Julia Ross - artistI was born and brought up in the pleasant, though unremarkable countryside of Northamptonshire. Introduced to Art by my artist and teacher father, Hubert Pack, I learned to explore places and objects through a fascination with drawing from an early age. The search for the right mark, the feel of the pencil, pen or paint and the emotion stirred by the view or object often being more important than the final image.

Summer: Renishaw Gardens; oil and ink on canvas
Summer: Renishaw Gardens; oil and ink on canvas

My formal Art education was mainly at Bretton Hall College. Architecture, landscape and rhythms of the seasons influence my interest in the constant change and patina of my surroundings. I find a sense of quietness and serenity in observing the small changes and weathering of life, which gives an honest beauty to things rather than making them pretty, brash or garish.

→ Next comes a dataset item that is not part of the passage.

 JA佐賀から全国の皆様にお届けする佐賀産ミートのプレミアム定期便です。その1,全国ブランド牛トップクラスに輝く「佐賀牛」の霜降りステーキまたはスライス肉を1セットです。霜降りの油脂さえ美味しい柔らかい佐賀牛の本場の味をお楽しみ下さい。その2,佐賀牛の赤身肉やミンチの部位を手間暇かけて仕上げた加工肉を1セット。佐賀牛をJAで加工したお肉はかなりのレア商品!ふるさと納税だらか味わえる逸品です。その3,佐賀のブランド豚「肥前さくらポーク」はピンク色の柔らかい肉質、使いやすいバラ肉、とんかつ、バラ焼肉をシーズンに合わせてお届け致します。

My Christian faith is important in how I see the world and how I respond through my Artwork. Hugh Lorimer commented that ‘what the artist is expressing is not himself but his response to the external continuing process of Creation.’ My work does not aim to ‘copy’ so much as to develop qualities from my observations into something that has its own aesthetic life. For this reason I often layer work with different images from a place, working backwards and forwards through a piece as I seek the mark, colour, contrast, line or space that best expresses my response.

I find a resonance in the Japanese concept of wabi-sabi, where the aesthetics of imperfection, patina and understated elegance are more pleasing, interesting and revealing of structure and process than the qualities of perfection, surface and finish.

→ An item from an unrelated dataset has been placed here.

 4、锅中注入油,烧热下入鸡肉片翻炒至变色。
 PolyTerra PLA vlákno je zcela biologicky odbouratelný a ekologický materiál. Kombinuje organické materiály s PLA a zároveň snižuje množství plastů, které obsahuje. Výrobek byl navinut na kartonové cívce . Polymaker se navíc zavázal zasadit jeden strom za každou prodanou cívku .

I love looking at Art and have been influenced by many, many artists from Paul Cezanne and John Piper in student days to Andrew Wyeth and Anselm Kiefer and more recently Kurt Jackson and Michael Honnor. Kiefer’s Palmsonntag at the Baltic was something I could have looked at forever. The textures, muted tones and layered collage of the individual pieces were infinitely fascinating and made a very powerful installation with the huge palm tree spread across the floor.

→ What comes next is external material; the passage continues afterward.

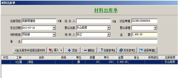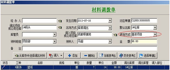 3. 【材料調(diào)撥單】主要用于:項目與項目之間的材料調(diào)撥,或公司總庫與項目之間的材料調(diào)撥。在填寫時要選擇好調(diào)出項目和調(diào)入項目。調(diào)出項目有兩種出場方式:庫房調(diào)出和班組繳料,調(diào)入項目有兩種進(jìn)場方式:調(diào)撥入庫和直進(jìn)項目。進(jìn)場方式選擇直進(jìn)項目時,明細(xì)中的材料金額會進(jìn)入調(diào)入項目的成本中。如果調(diào)出項目,出場方式選擇的是班組繳料,也就是從項目現(xiàn)場直接調(diào)出的,這時調(diào)出項目的成本中會減去明細(xì)中材料的金額。

Much of my recent work I have termed ‘Poems of Place’ in that I aim to find a succinct expression for all the qualities, experience and emotion of a place. My sources have to have something special, but that doesn’t have to be anything spectacular; an afternoon in the sun in the garden, rain on a window, seaweed on the beach are what I want to connect with through Art. Whilst I love majestic and magnificent places such as the Canadian Rockies or the Grand Canyon it is the texture of the local cornfield or the weathering of a doorway that inspire my work. The sense of seeking out and finding something ‘beautiful’ in the everyday and expressing it in a mark was a quality I sought to explore with students through teaching Art; why copy the already beautiful when you can add to the aesthetics of the world by finding and making something that adds to that aesthetic?

I currently live, work and dog walk in Nottinghamshire, another unremarkable but infinitely interesting and beautiful place.